HOW TO COMPLETE THIS TASK:
In the records that follow, find the line containing "Sinks Canyon’s Bam" and the line containing "Bílý prodlužovací přívod, 5", then transcribe both and every line between them exactly, omitting pictures.

INFORMATION GIVEN:
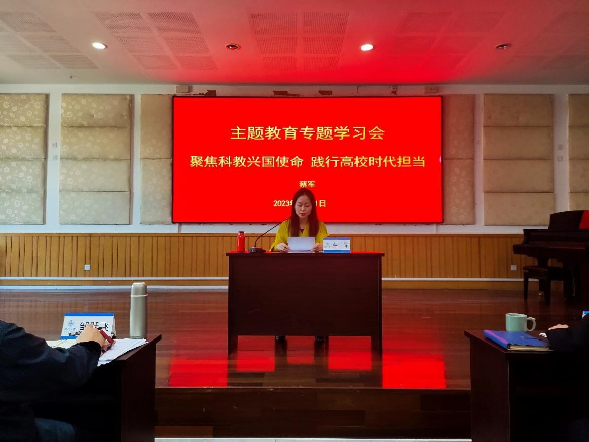 学先进理论,思理论内涵。习近平总书记深刻指出:教育、科技、人才是全面建设社会主义现代化国家的基础性、战略性支撑。必须坚持科技是第一生产力、人才是第一资源、创新是第一动力,深入实施科教兴国战略、人才强国战略、创新驱动发展战略。在专题学习会上,古天乐代言太阳集团138副经理蔡军以党课形式,领学《聚焦科教兴国使命 践行高校时代担当》的报告。在领学中,蔡军副经理说:教师是教育工作的中坚力量,我们要执着于教书育人,有热爱教育的定力和淡泊名利的坚守,在新时代背景之下,我们要把师德师风摆在首要的位置,本着“捧着一颗心来,不带本根草去”的精神,传承好我们的教书育人美德。同时也要有教师大局观,将自己的教书育人建立在国家建设需要中,遵循人才成长规律和科研规律,为祖国培养德智体美劳全面发展的社会主义新人。要切实提高思想认识,完善责任体系,筑高思想防线,把牢重点关口,认真抓好意识形态领域的各项工作。
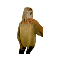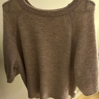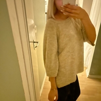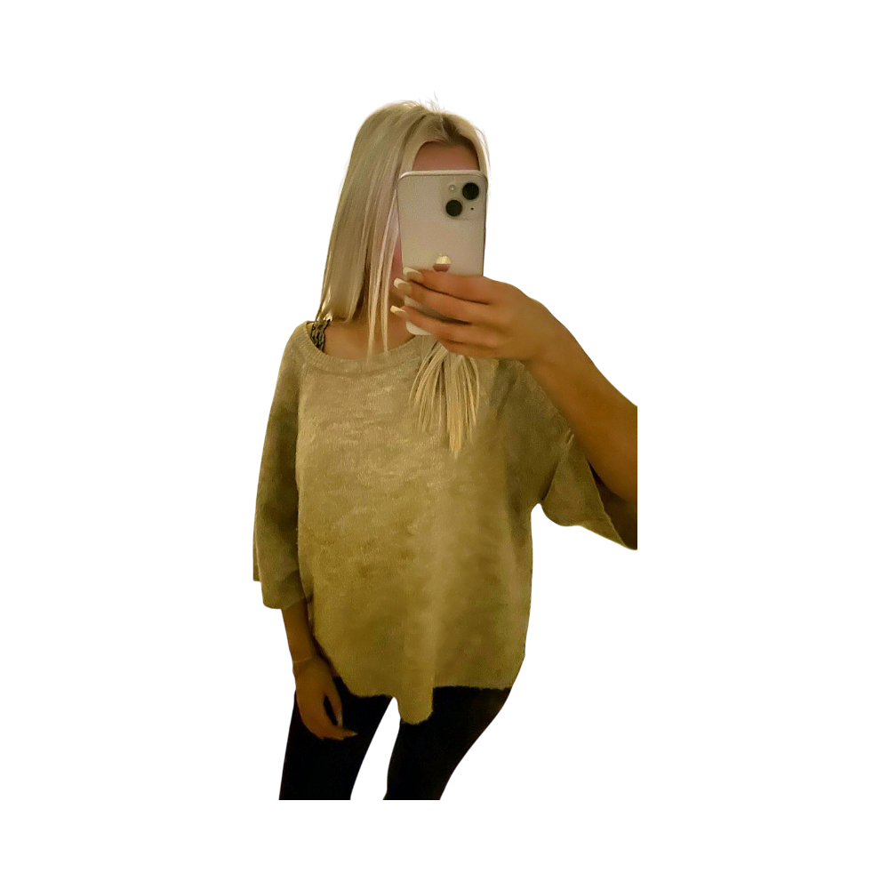 Pehmeä, väljämallinen beige neule, lyhyet hihat.
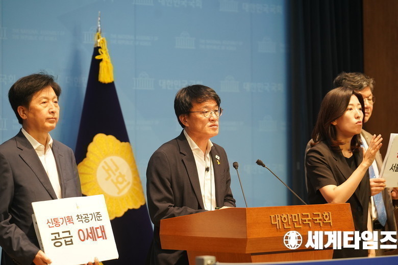 '박주민' 더불어민주당 의원이 9일 오전 서울 여의도 국회 소통관에서 오세훈 서울시장의 주택·부동산 정책을 규탄하는 기자회견을 하고 있다.
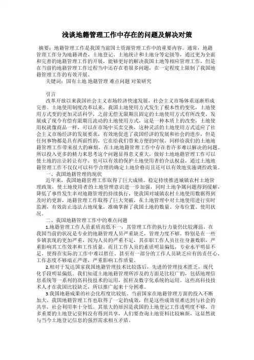 2、地籍管理工作中存在的问题2.1地籍管理工作相对滞后在当前社会和经济快速发展过程中,国家的各项发展政策也会随着社会和经济的发展而进行不断的调整,而地籍管理作为土地管理的基础,需要根据不同时期国家土地管理体制的变化而变化。
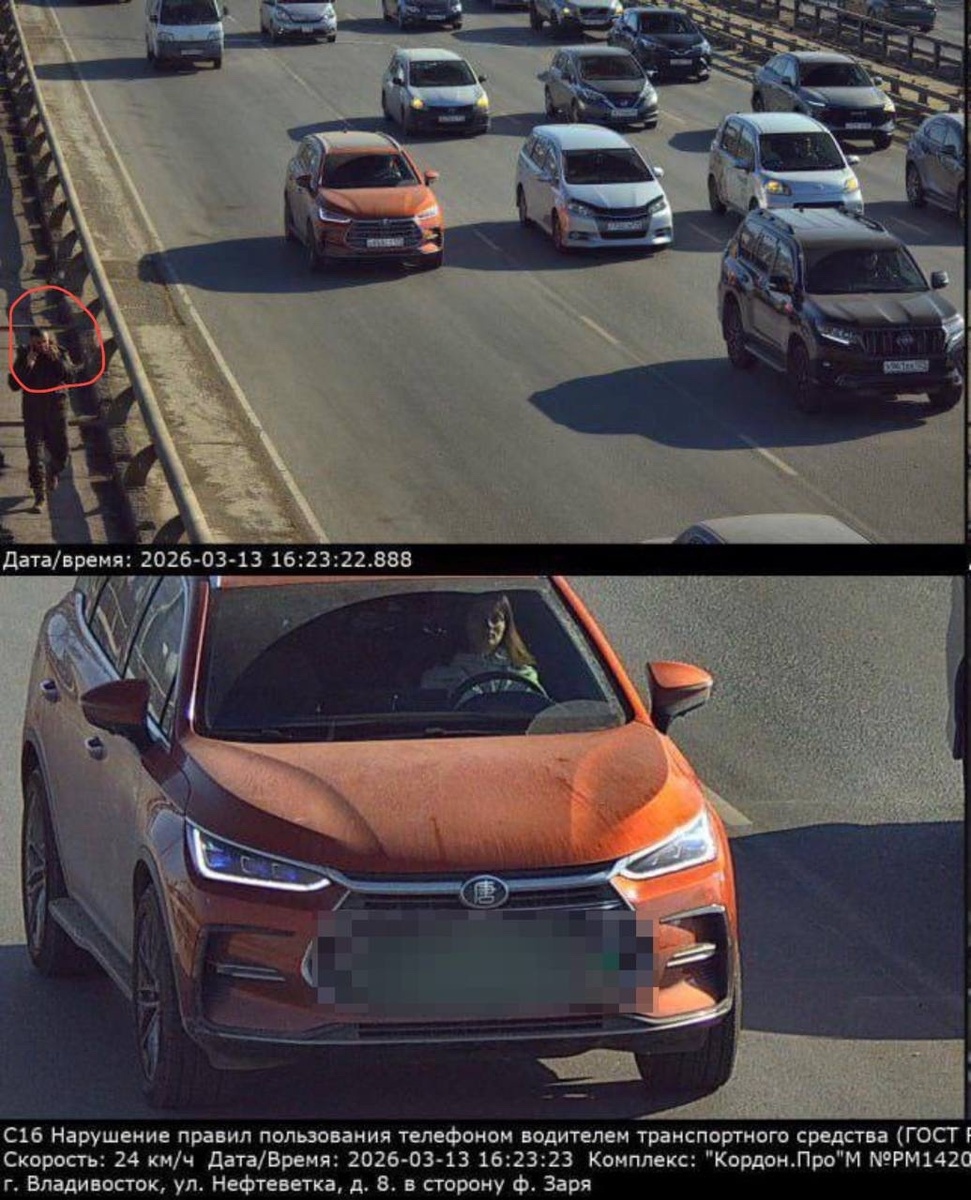 Буквально пару дней назад, в социальных сетях появился фотоснимок с камеры ГИБДД, по которому водителю из города Владивосток, выписали штраф за разговор по телефону во время движения. Согласно фотографии, автомобиль движется по трассе, а водитель — женщина — не разговаривает по телефону и даже в руке его не держит. Тем временем справа от машины по обочине двигается мужчина-пешеход, который явно держит мобильный телефон и разговаривает по нему.
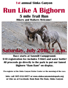 Sinks Canyon’s Bam Bam Slam is Saturday, July 20. Events will take place all day with the theme of Bighorn sheep. There will be a morning 5 mile trail run, kids activities, a bake sale and a memorial service for the famous Sinks Canyon Bighorn Bam Bam.
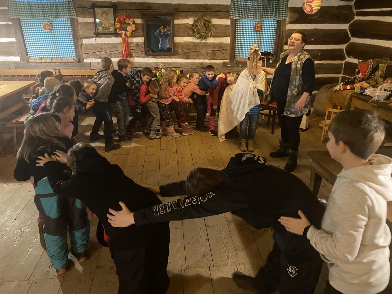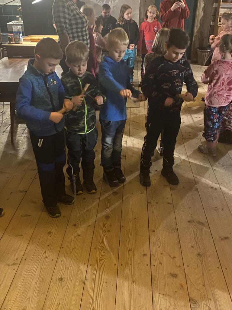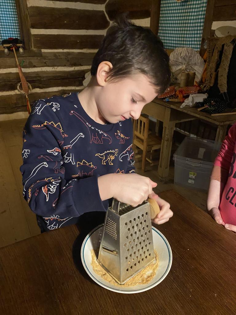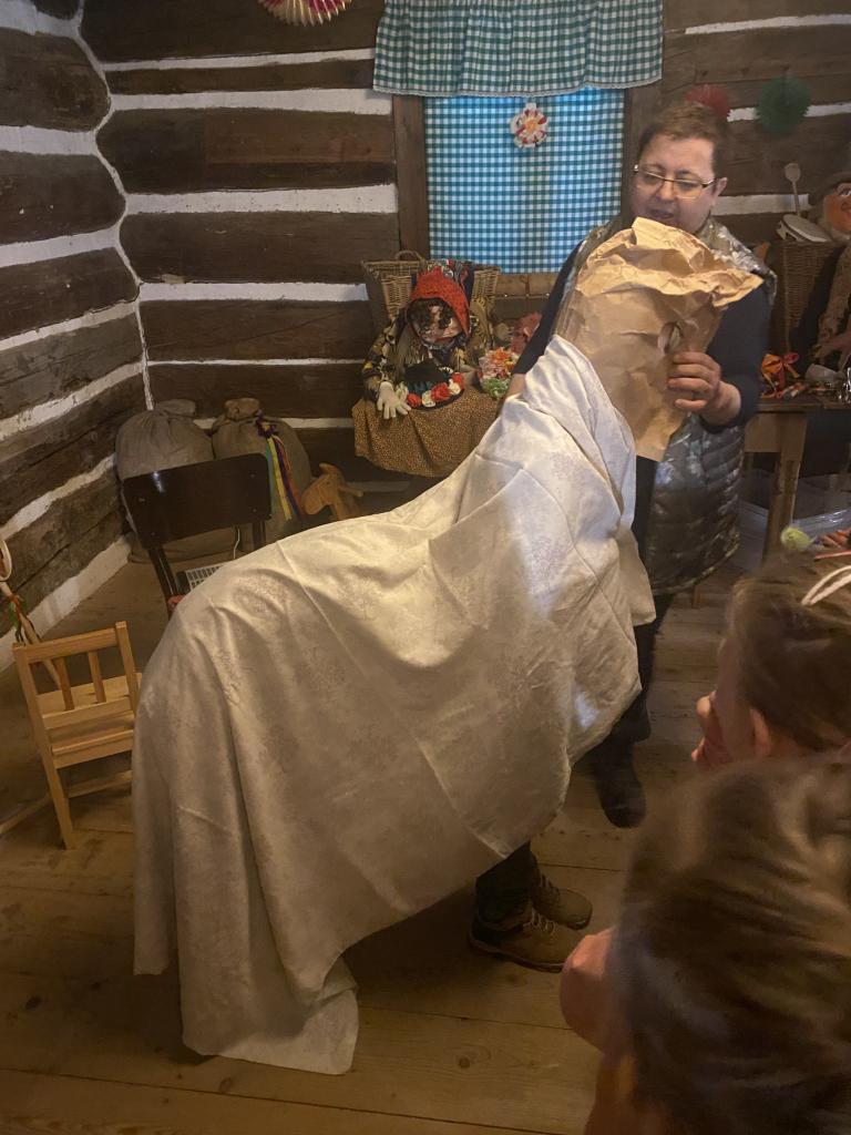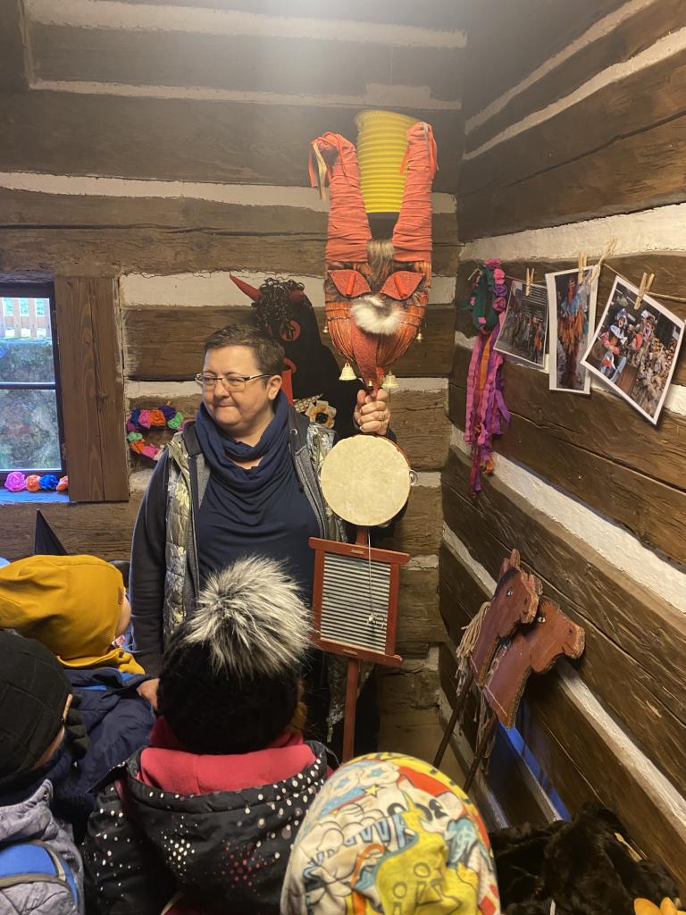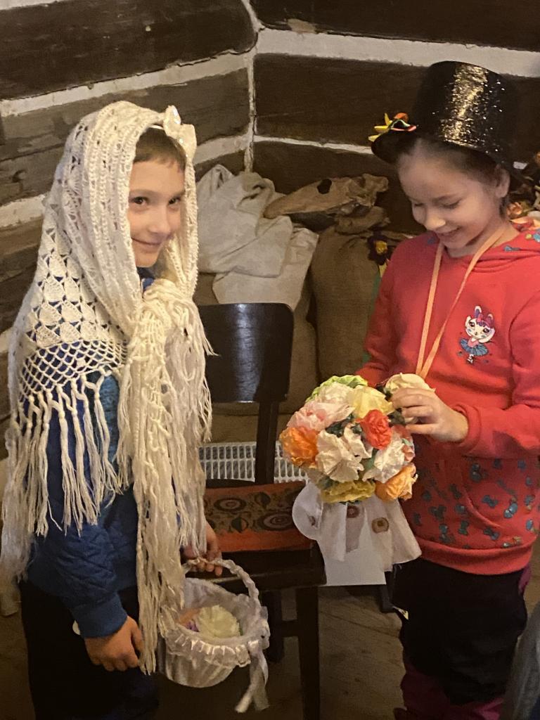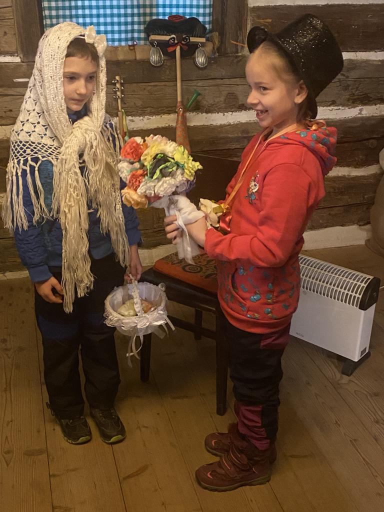 Teta Lenka, Šárka a Petra se věnovala každé skupince, takže děti vyráběly ferule, masku a upekly si vynikající mrkvánky s muzikou. Některé děti poprvé ochutnaly chleba se sádlem. Dobrovolníci zahráli masopustní svatbu, kdy chlapec představoval nevěstu a dívka ženicha. Na závěr si všichni zazpívali píseň s vozembouchem a prohlídli si výstavu masek v prvním patře. Děkujeme obětavým tetám, které stále udržují a předávají naše krásné tradice, které už pomalu mizí.
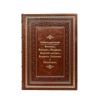В оформлении переплета применяется сочетание блинтового и золотого тиснения, выполненных на высококачественной натуральной коже.
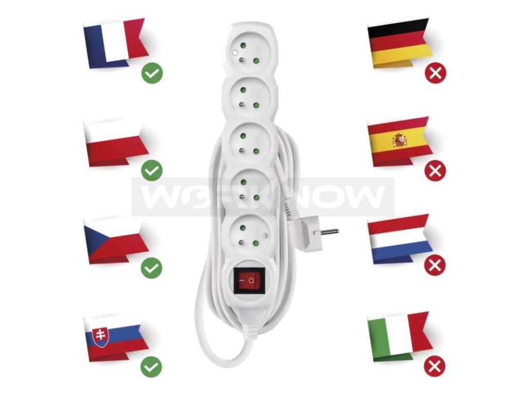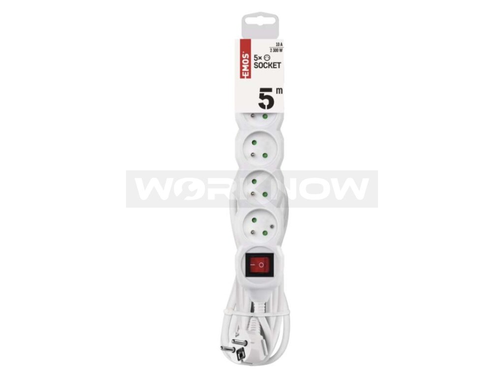 Bílý prodlužovací přívod, 5 zásuvka s vypínačem, délkou 5 m a průřezem vodiče 1 mm2. Vhodný pro maximální zátěž 10 A max.
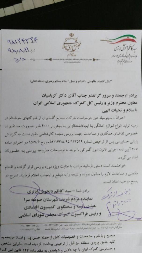 درست زمانی که به نظر میرسید پرونده مسیر قانونی خود را طی میکند، نامهای با سربرگ مجلس شورای اسلامی، معادلات را تغییر داد. سید کاظم دلخوش اباتری، نماینده مجلس و مهمتر از آن، "رئیس فراکسیون گمرک مجلس"، در نامهای مستقیم به رئیس وقت کل گمرک، دکتر کرباسیان، وارد عمل شد. او در این نامه، ضمن اشاره به "بیش از ۴۰۰۰ نفر" پرسنل شرکت گلدیران، خواستار "بررسی مجدد" و "تسریع در پاسخ" شد. این نامه، که لحنی دیپلماتیک اما پیامی روشن داشت، نشان میداد که پرونده از یک اختلاف حسابرسی صرف، به یک موضوع با ابعاد سیاسی تبدیل شده است. آیا نگرانی برای اشتغال ۴۰۰۰ کارگر، میتوانست یک پرونده مالی با این ابعاد را تحتالشعاع قرار دهد؟

RESULT FOR THIS EXERCISE:
 Sinks Canyon’s Bam Bam Slam is Saturday, July 20. Events will take place all day with the theme of Bighorn sheep. There will be a morning 5 mile trail run, kids activities, a bake sale and a memorial service for the famous Sinks Canyon Bighorn Bam Bam.
 Teta Lenka, Šárka a Petra se věnovala každé skupince, takže děti vyráběly ferule, masku a upekly si vynikající mrkvánky s muzikou. Některé děti poprvé ochutnaly chleba se sádlem. Dobrovolníci zahráli masopustní svatbu, kdy chlapec představoval nevěstu a dívka ženicha. Na závěr si všichni zazpívali píseň s vozembouchem a prohlídli si výstavu masek v prvním patře. Děkujeme obětavým tetám, které stále udržují a předávají naše krásné tradice, které už pomalu mizí.
В оформлении переплета применяется сочетание блинтового и золотого тиснения, выполненных на высококачественной натуральной коже.
 Bílý prodlužovací přívod, 5 zásuvka s vypínačem, délkou 5 m a průřezem vodiče 1 mm2. Vhodný pro maximální zátěž 10 A max.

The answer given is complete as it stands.